The gas-support unit 20 is immediately followed by second infrared dryer unit 30 whose construction is, in principle, similar to that of the first infrared dryer unit 10. The second infrared dryer unit 30 comprises an infrared radiator unit 31 having a plane radiation window 32 and a reflector unit 33 including a plane reflector face 34 situated opposite and parallel to the radiation window 32 of radiator 31 and separated from it by the treatment gap 30V. Infrared radiation is applied in the treatment gap 30V for drying the web W through the radiation window 32.

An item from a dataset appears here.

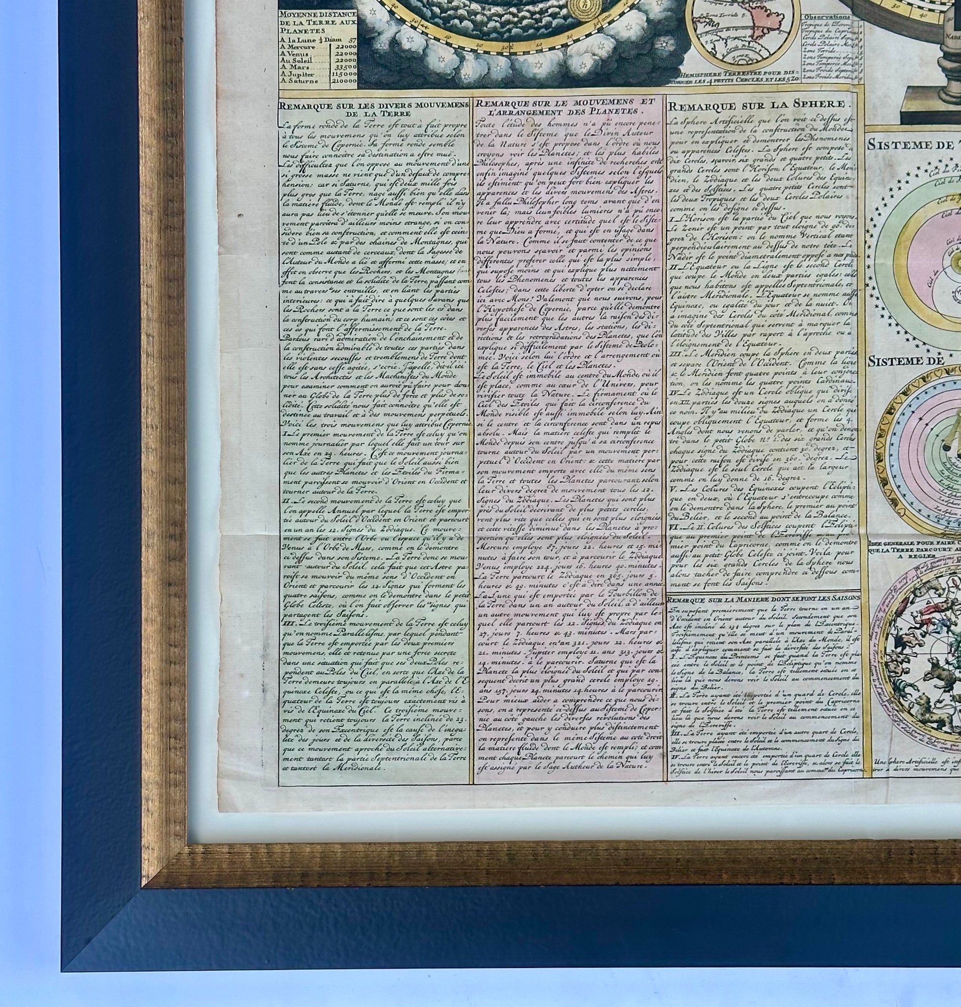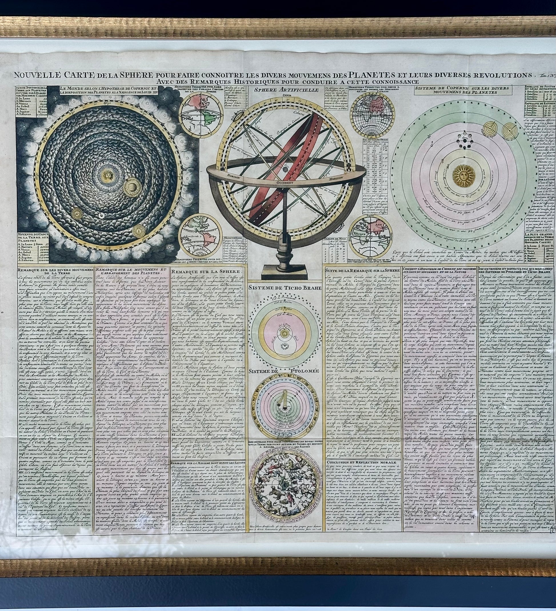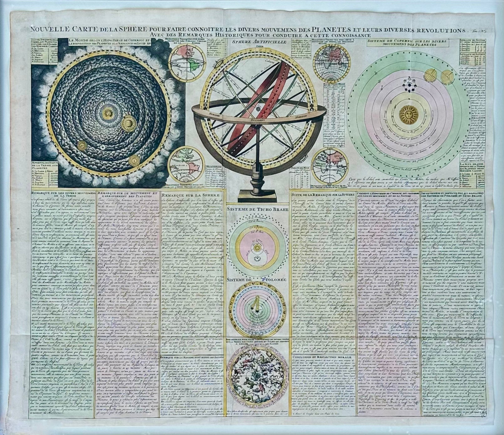 The print features a central depiction of an armillary sphere, flanked by diagrams illustrating the Copernican heliocentric system, the Ptolemaic geocentric model, and the Tychonic system — reflecting the great scientific debate of the era. Additional vignettes include hemispheric world maps, a stunning dark-ground Copernican world diagram, and a detailed star chart at lower center. Dense French-language commentary fills the lower portion of the sheet, offering historical and scientific context for each system depicted.

The second infrared dryer unit 30 is followed by a diffuser unit 35 defined by curved diffuser plates 35a and 35b which diverge away from the plane of web W after the treatment gap 30V. The diffuser unit 35 acts to prevent fluttering of the web W after it departs from the treatment gap 30V. The curvature of the diffuser plates 35a and 35b is preferably such that the cross-sectional area of the diffuser in a plane perpendicular to the web W between the plates 35a and 35b is substantially the same as in a conical diffuser having a cone angle in the range of between about 5° to 10°, and preferably about 8°.
In accordance with one aspect of the invention, a stepwise widening gap portion defined by stepped members 25 and 26 follow the gas-support gap 20V. The stepped gap portion has a width that widens in a stepwise fashion from a width equal to that of the gas support gap 20V to a width equal to that of the wider treatment gap 30V of the second infrared dryer unit 30. The stepped gap portion in one embodiment advantageously widens about 5 mm. By means of the stepped gap portion defined by stepped members 25 and 26, any problems in the running quality of the web that may be caused by the gas-support gap 20V are eliminated. Moreover, the stepped gap portion also serves in part to produce turbulence in the second treatment gap 30V which intensifies the evaporation drying which occurs in the second infrared treatment gap 30V.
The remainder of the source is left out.